Richard Liddle (red t-shirt) and Jonathan Aspinal (right) of Cohda Design with David Knapton (left) and Neil Milburn (2nd right)

A POPULAR toy from the 1960s is the inspiration behind cutting-edge technology that allows consumers to design and manufacture their own pieces of contemporary furniture - with no specialist skills needed.

Innovators at Gateshead-based Cohda Design are expanding the mathematical principles of geometric drawing tool Spirograph into three dimensions, linked with a new computer program and the latest 3D printing technologies to produce its unique “Binary Furniture”.
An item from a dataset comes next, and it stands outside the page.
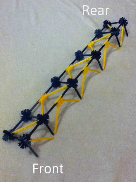 Una vez que 4 de los segmentos laterales del paso anterior, comenzar a conectarlos como se muestra para formar un tubo cuadrado. Los lados se orientan en la misma dirección alrededor del tubo. Las fotos muestran los primeros segmentos de 2 laterales conectados entre sí, seguido de los cuatro para formar el tubo. El tubo resultante debe ser bastante rígida y fuerte.

According to the company, it’s now as simple to create a table in plastic as it was to draw a complex Spirograph pattern in the 1960s. The difference from the two-dimensional version is that binary spirals are drawn directly onto a digital computer tablet, where a third dimension is added and the data collected from the process determines overall shape and structure of the object, for instance, a table or chair.

Experts at the Digital Factory – which is based in the University of Sunderland’s Institute for Automotive and Manufacturing Advanced Practice (AMAP) – helped in the production of the physical model, using their cutting-edge 3D CAD system, called Catia.

Cohda’s innovative practices, such as turning milk containers and other plastic packaging into stylish products, are widely featured in the world design press and at various museum collections.

They chose to showcase their latest product at the Baltic Centre for Contemporary Art, which included an interactive element for the public to create their own binary tables.

Richard Liddle, who set up the company three years ago, said: “Rapid prototyping is still an expensive and mostly unknown process outside the design and engineering industries but, with costs steadily falling year by year, and companies researching the use of recycled materials in the process, ourselves included, the future possibilities are very diverse.”